◆ Supplied data

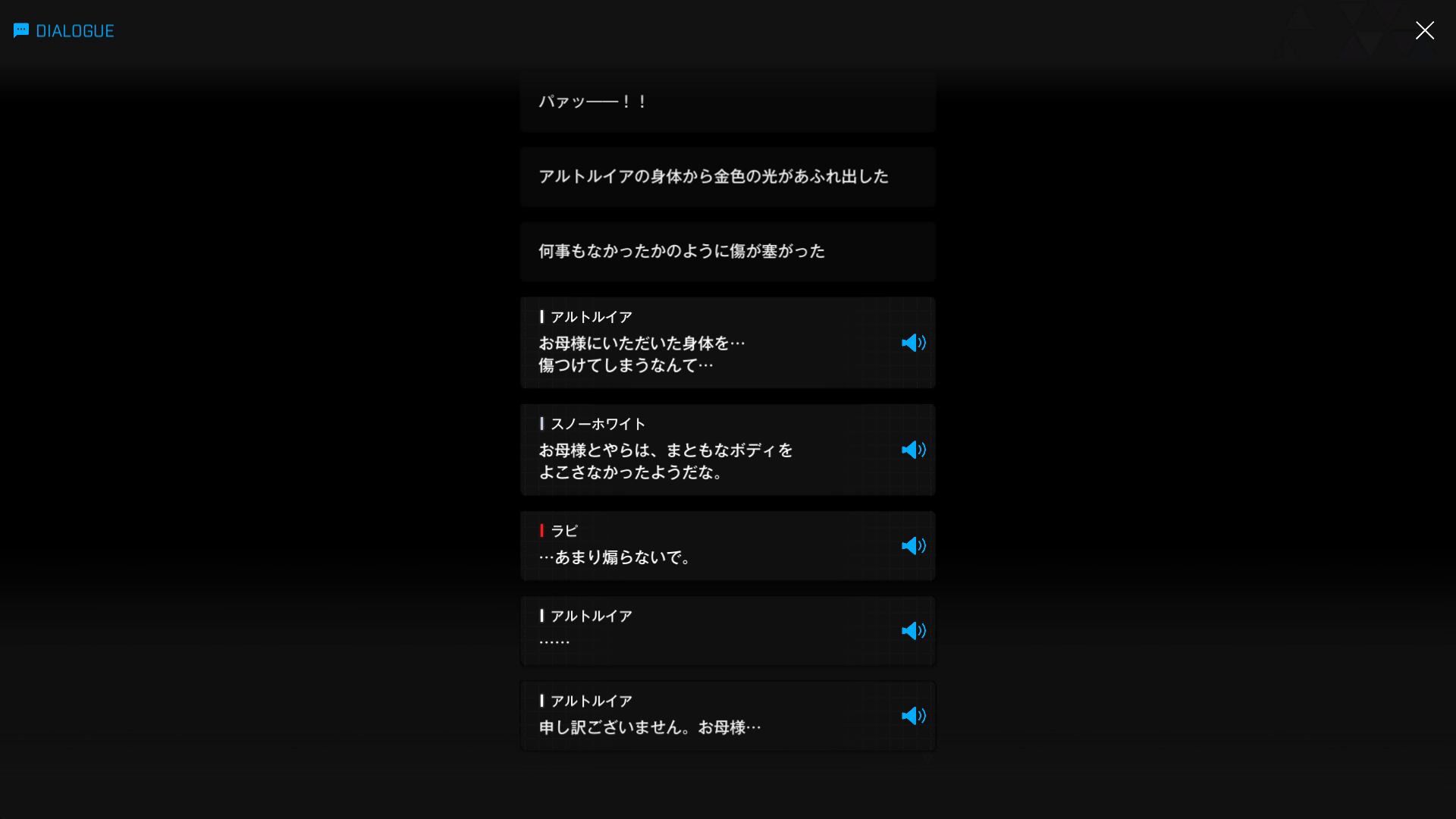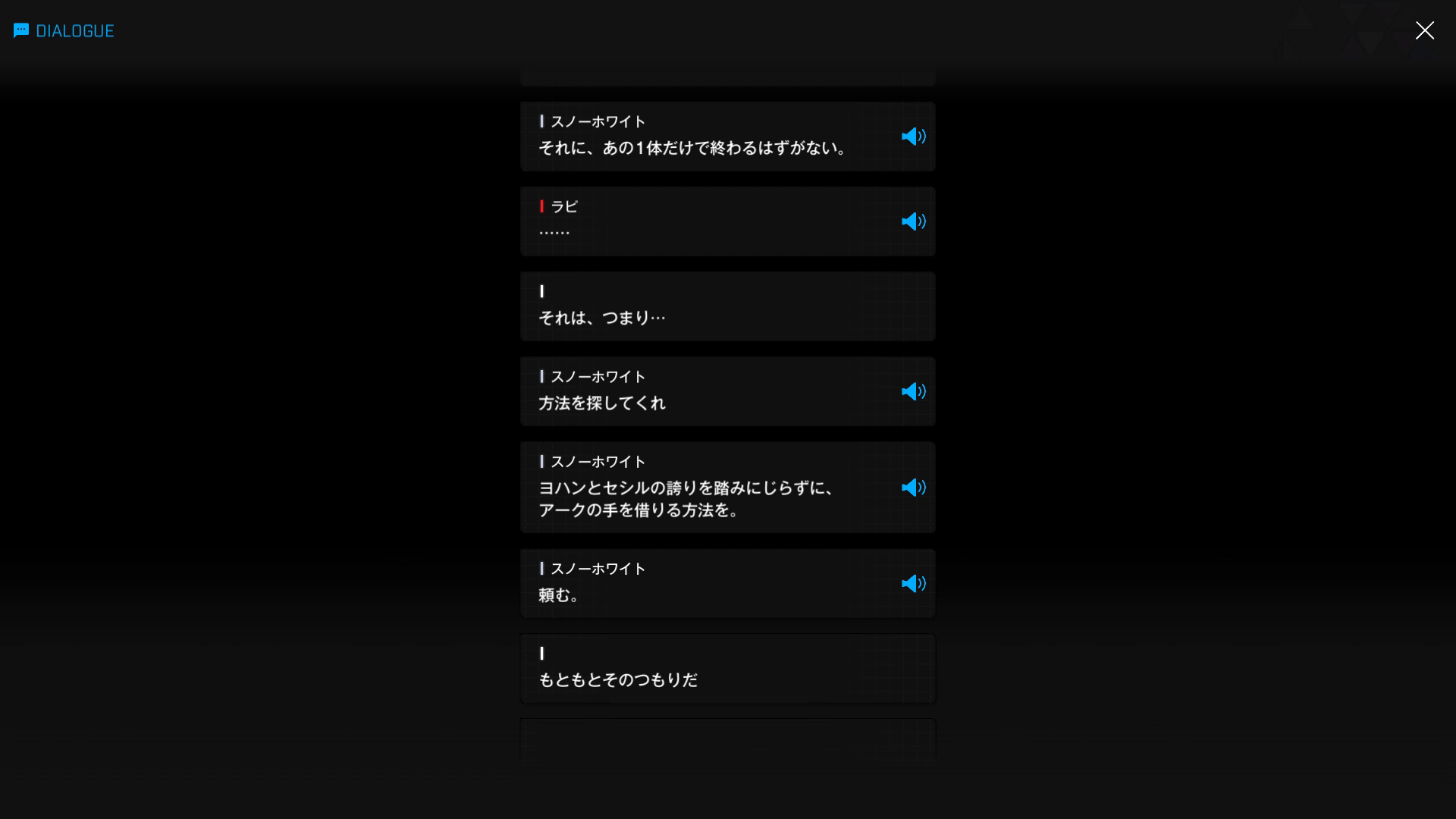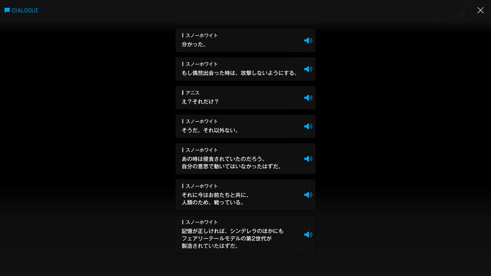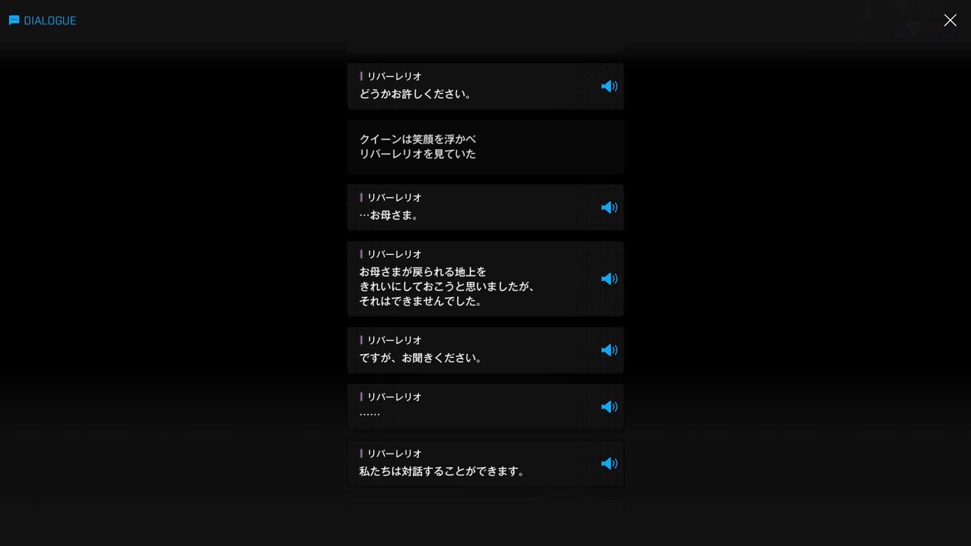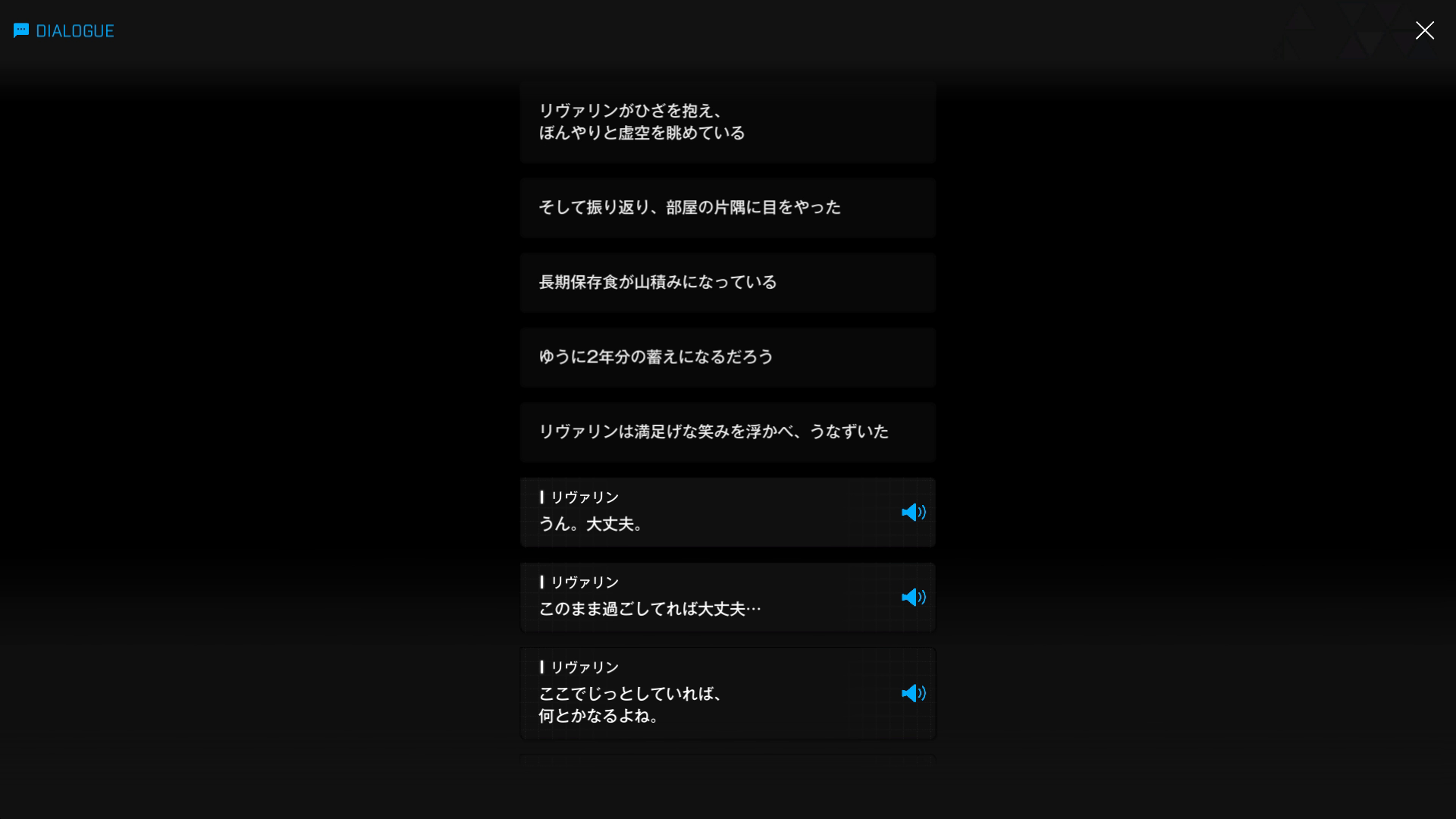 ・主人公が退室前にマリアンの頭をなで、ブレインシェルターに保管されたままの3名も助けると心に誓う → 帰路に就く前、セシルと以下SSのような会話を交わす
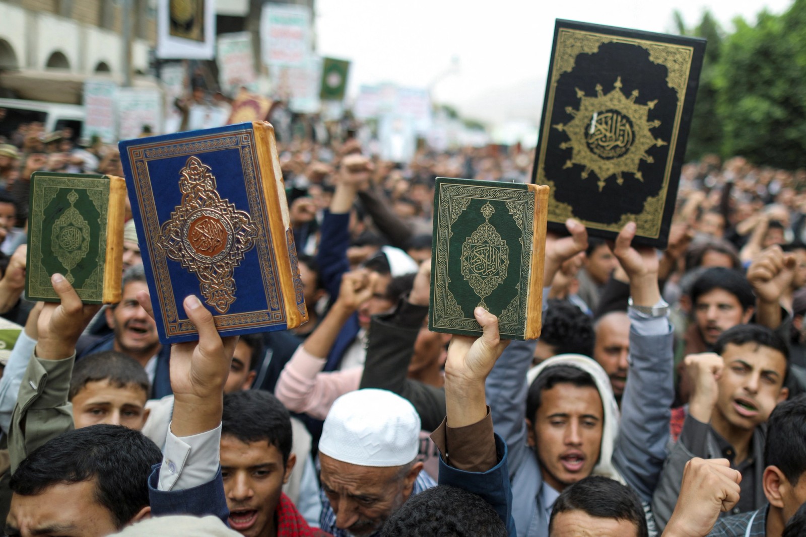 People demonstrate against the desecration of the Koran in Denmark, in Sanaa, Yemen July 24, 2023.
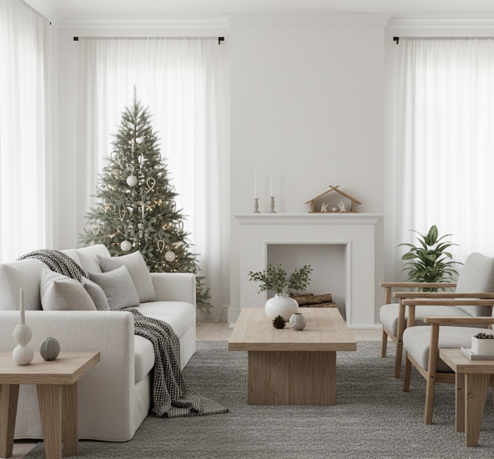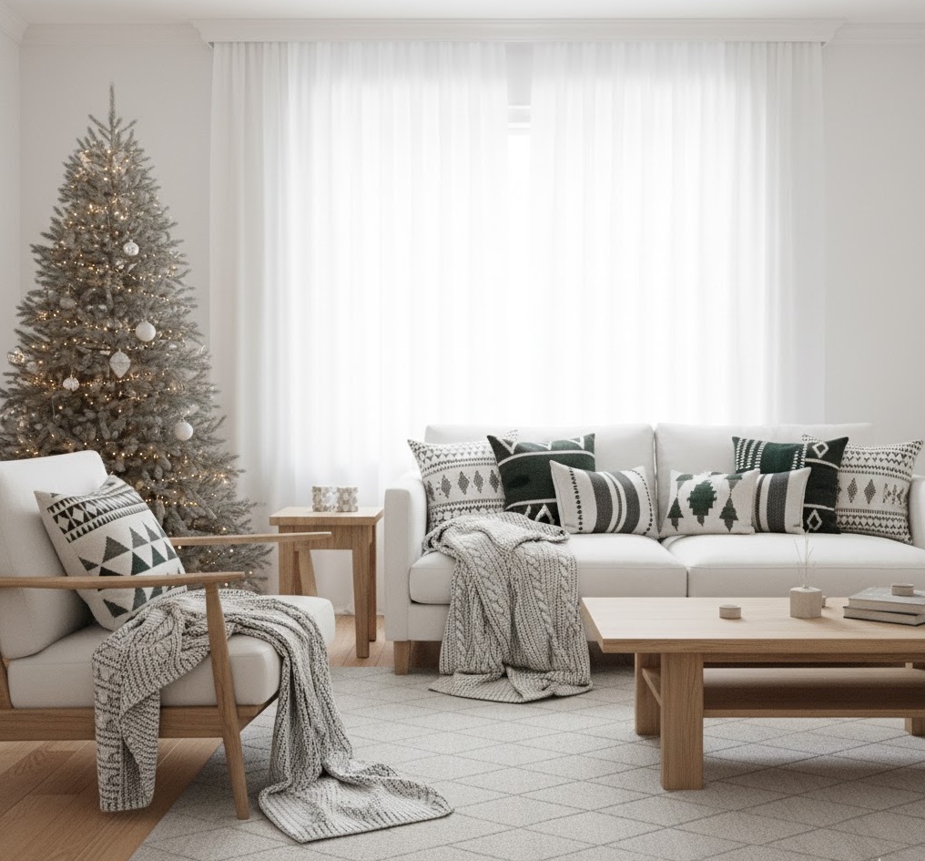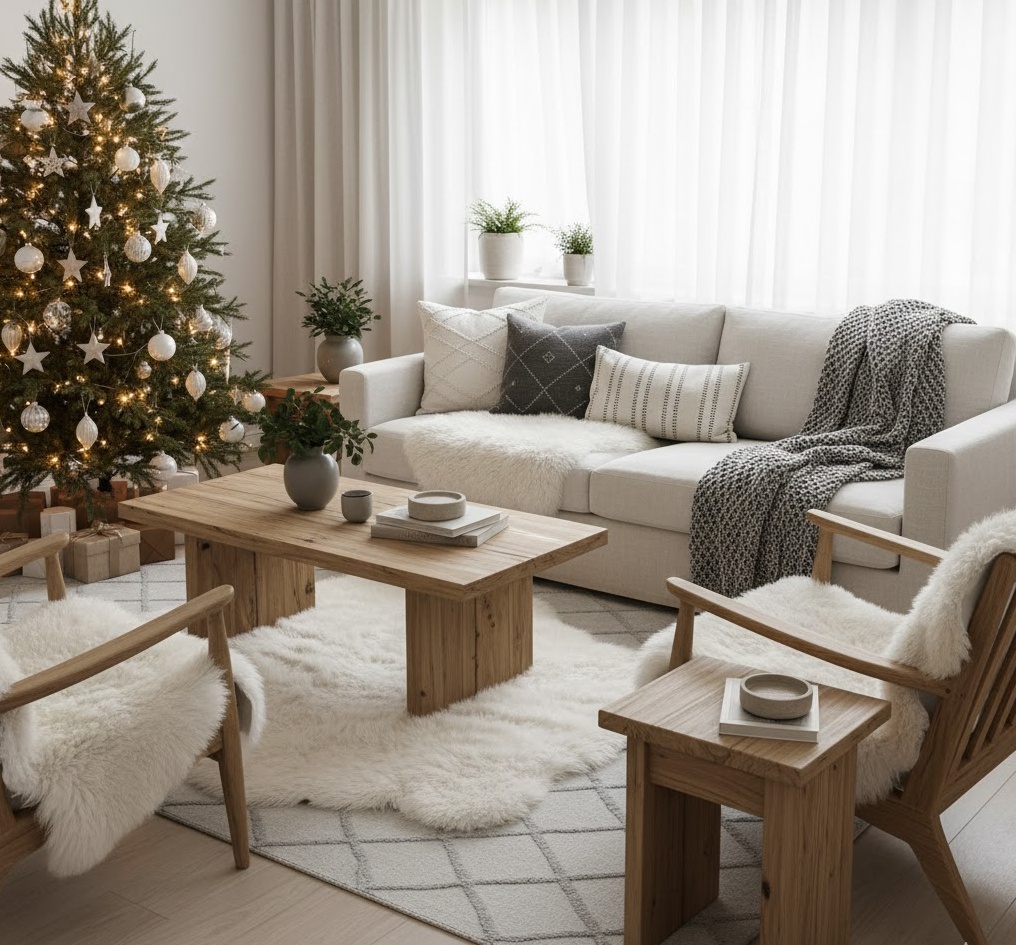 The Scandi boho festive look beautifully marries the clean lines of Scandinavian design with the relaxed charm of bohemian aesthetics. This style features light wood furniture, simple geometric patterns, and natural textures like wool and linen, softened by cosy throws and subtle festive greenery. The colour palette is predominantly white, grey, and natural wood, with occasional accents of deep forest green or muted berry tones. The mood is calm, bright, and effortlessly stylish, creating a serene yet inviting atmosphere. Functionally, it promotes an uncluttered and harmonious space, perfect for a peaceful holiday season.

◆ Activity
The lines from the one containing "People demonstrate against" through the end of the data above are to be copied exactly, both ends included, and pictures are to be omitted.

◆ Solution to the problem
 People demonstrate against the desecration of the Koran in Denmark, in Sanaa, Yemen July 24, 2023.
 The Scandi boho festive look beautifully marries the clean lines of Scandinavian design with the relaxed charm of bohemian aesthetics. This style features light wood furniture, simple geometric patterns, and natural textures like wool and linen, softened by cosy throws and subtle festive greenery. The colour palette is predominantly white, grey, and natural wood, with occasional accents of deep forest green or muted berry tones. The mood is calm, bright, and effortlessly stylish, creating a serene yet inviting atmosphere. Functionally, it promotes an uncluttered and harmonious space, perfect for a peaceful holiday season.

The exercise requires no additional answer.